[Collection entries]
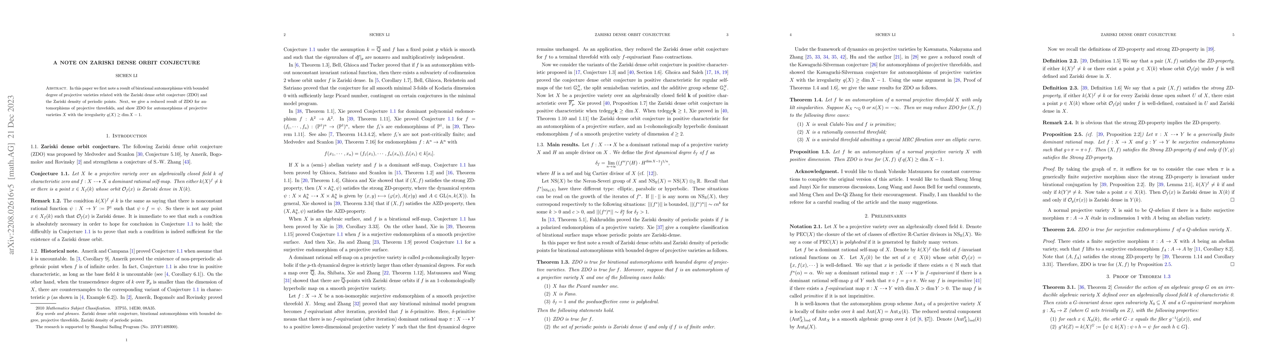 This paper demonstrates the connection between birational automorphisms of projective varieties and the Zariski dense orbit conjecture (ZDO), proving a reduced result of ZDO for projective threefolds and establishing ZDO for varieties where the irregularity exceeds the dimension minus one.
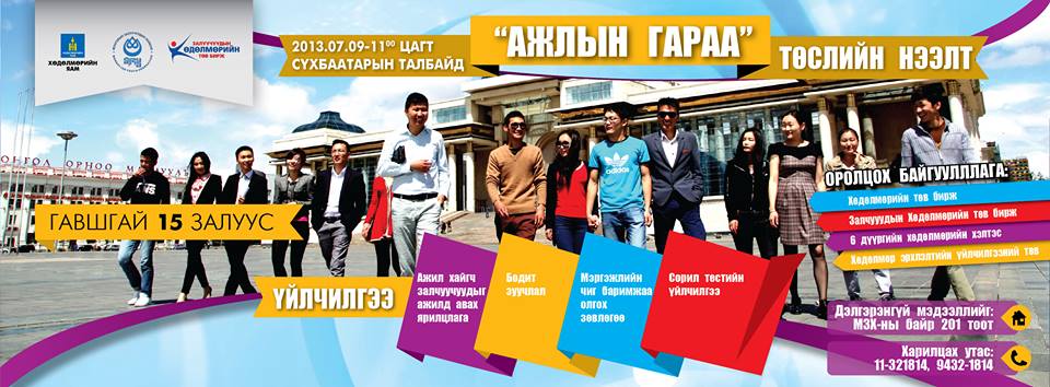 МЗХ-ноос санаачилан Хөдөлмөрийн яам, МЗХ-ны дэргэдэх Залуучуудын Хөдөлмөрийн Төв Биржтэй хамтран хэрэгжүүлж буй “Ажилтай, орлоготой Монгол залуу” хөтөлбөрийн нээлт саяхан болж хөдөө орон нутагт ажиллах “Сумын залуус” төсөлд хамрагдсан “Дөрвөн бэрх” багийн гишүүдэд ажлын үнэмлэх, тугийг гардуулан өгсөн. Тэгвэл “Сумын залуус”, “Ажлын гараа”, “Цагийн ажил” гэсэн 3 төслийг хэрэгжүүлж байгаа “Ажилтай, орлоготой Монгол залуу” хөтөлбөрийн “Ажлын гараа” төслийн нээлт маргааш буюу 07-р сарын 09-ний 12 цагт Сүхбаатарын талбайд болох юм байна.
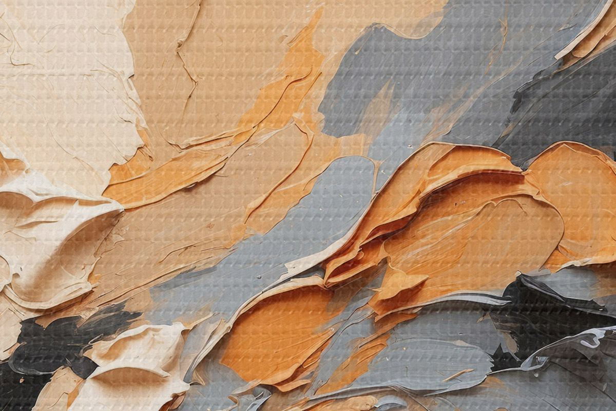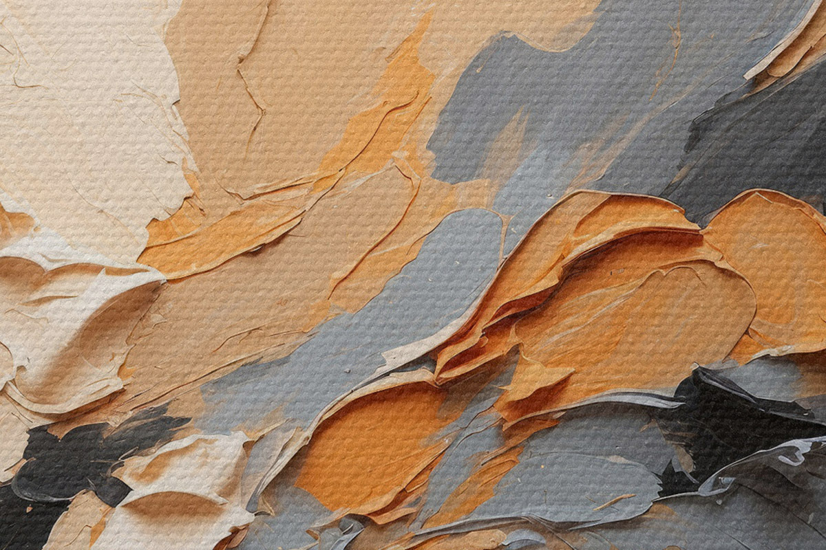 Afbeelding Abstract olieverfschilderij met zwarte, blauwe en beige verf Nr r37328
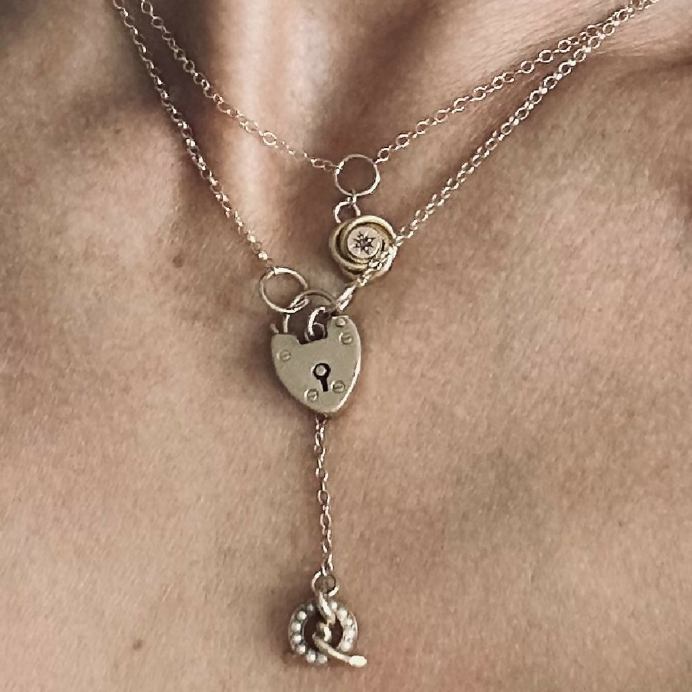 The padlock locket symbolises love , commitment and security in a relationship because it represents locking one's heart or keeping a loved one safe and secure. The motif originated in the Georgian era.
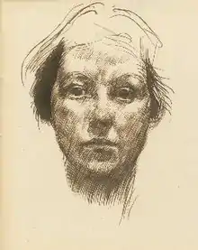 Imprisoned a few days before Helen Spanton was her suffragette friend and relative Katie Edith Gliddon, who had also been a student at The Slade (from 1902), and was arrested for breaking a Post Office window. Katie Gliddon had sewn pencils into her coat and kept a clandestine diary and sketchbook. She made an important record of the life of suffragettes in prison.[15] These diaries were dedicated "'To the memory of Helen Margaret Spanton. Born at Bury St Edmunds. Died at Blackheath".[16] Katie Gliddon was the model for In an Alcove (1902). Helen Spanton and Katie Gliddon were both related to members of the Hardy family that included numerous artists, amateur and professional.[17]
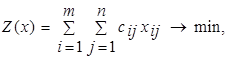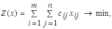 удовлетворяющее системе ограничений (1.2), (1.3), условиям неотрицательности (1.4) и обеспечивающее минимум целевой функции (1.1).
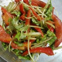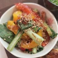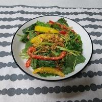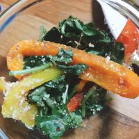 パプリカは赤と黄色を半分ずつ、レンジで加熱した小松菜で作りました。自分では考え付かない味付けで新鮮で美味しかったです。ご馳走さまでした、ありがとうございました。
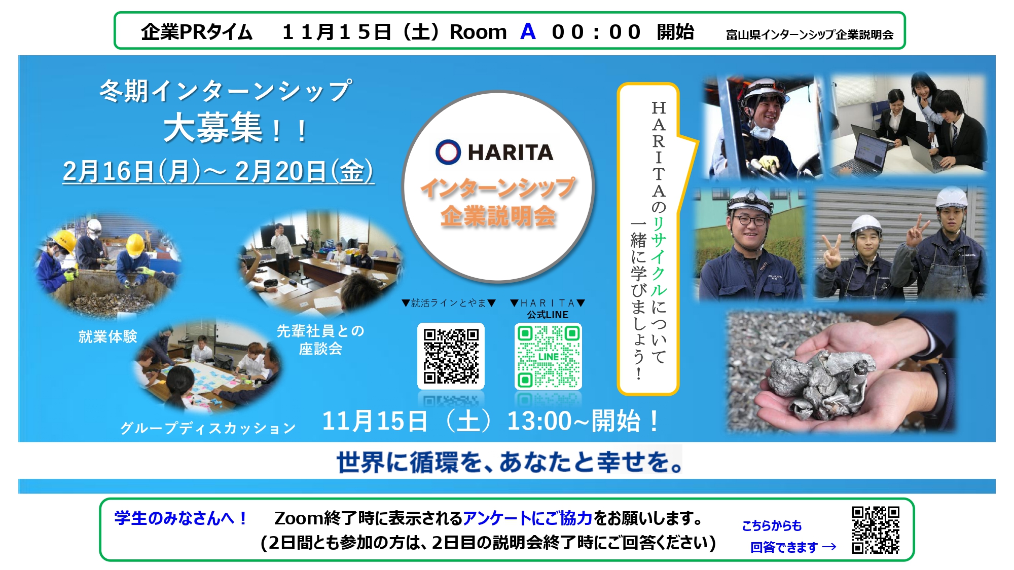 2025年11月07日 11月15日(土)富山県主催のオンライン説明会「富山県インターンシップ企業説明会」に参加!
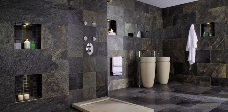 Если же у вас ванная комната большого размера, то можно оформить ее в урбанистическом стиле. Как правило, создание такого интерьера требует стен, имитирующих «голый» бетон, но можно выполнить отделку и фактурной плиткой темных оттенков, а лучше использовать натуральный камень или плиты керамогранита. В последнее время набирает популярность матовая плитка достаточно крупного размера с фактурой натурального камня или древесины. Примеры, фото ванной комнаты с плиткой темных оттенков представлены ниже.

**Exercise description:** Using the data above, retype exactly and only the lines from the one containing "МЗХ-ноос санаачилан Хөдөлмөрийн" up to and including the one containing "Afbeelding Abstract olieverfschilderij", with no pictures carried over.

**Expected output:**
 МЗХ-ноос санаачилан Хөдөлмөрийн яам, МЗХ-ны дэргэдэх Залуучуудын Хөдөлмөрийн Төв Биржтэй хамтран хэрэгжүүлж буй “Ажилтай, орлоготой Монгол залуу” хөтөлбөрийн нээлт саяхан болж хөдөө орон нутагт ажиллах “Сумын залуус” төсөлд хамрагдсан “Дөрвөн бэрх” багийн гишүүдэд ажлын үнэмлэх, тугийг гардуулан өгсөн. Тэгвэл “Сумын залуус”, “Ажлын гараа”, “Цагийн ажил” гэсэн 3 төслийг хэрэгжүүлж байгаа “Ажилтай, орлоготой Монгол залуу” хөтөлбөрийн “Ажлын гараа” төслийн нээлт маргааш буюу 07-р сарын 09-ний 12 цагт Сүхбаатарын талбайд болох юм байна.
 Afbeelding Abstract olieverfschilderij met zwarte, blauwe en beige verf Nr r37328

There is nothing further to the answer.